Cyps and Paracyps have not been around my area for a long time and no offense I just would hate to have to pay 50+ for shiping. I have heard that Brichardies would be ok in my 75 with my Comps from a few people but that does not mean that I will not consider your advice at all.

One thing I do have to think of with the Brichardies is that my Comps are pretty small yet and Im not sure but I would imagine the brichardies would grow faster.

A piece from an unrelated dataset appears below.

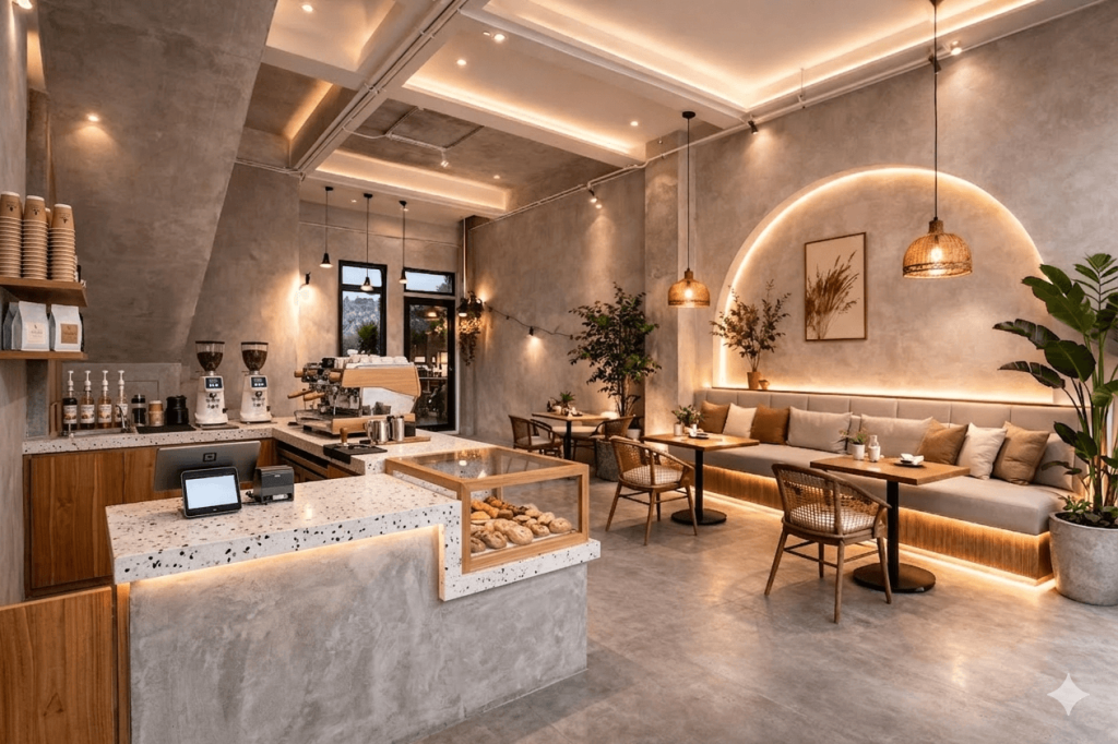 Dominasi material semen ekspos, kayu, serta pencahayaan warm menciptakan suasana hangat dan nyaman, sehingga cocok untuk bisnis coffee shop di ruko dengan tampilan premium dan estetik.

I want my Comps to be the center of atraction, how many Leleupies would work in a 75?

Oh,.. and wheres the pics :x :roll: :thumb:


----------



## DJRansome

I think spitfiretjh is right about the Brichardi...apparently they kill everything in the tank when they begin to breed. They are good in a single species tank populated with their own fry. Maybe do a search, there have been posts on this just recently.


----------



## Hoosier Tank

Do a search on "Brichardi death squad".... I wanted a pair of dafodils in my Tang tank but they have a reputation of "does not play well with others".


----------



## JWerner2

Yeah I have thought about it since spitfiretjh's warning and I think I will not do it.

Im still waiting on these pics but in the mean time can some one tell me with about 3 Comps how many Leleupis can be kept in a 75g.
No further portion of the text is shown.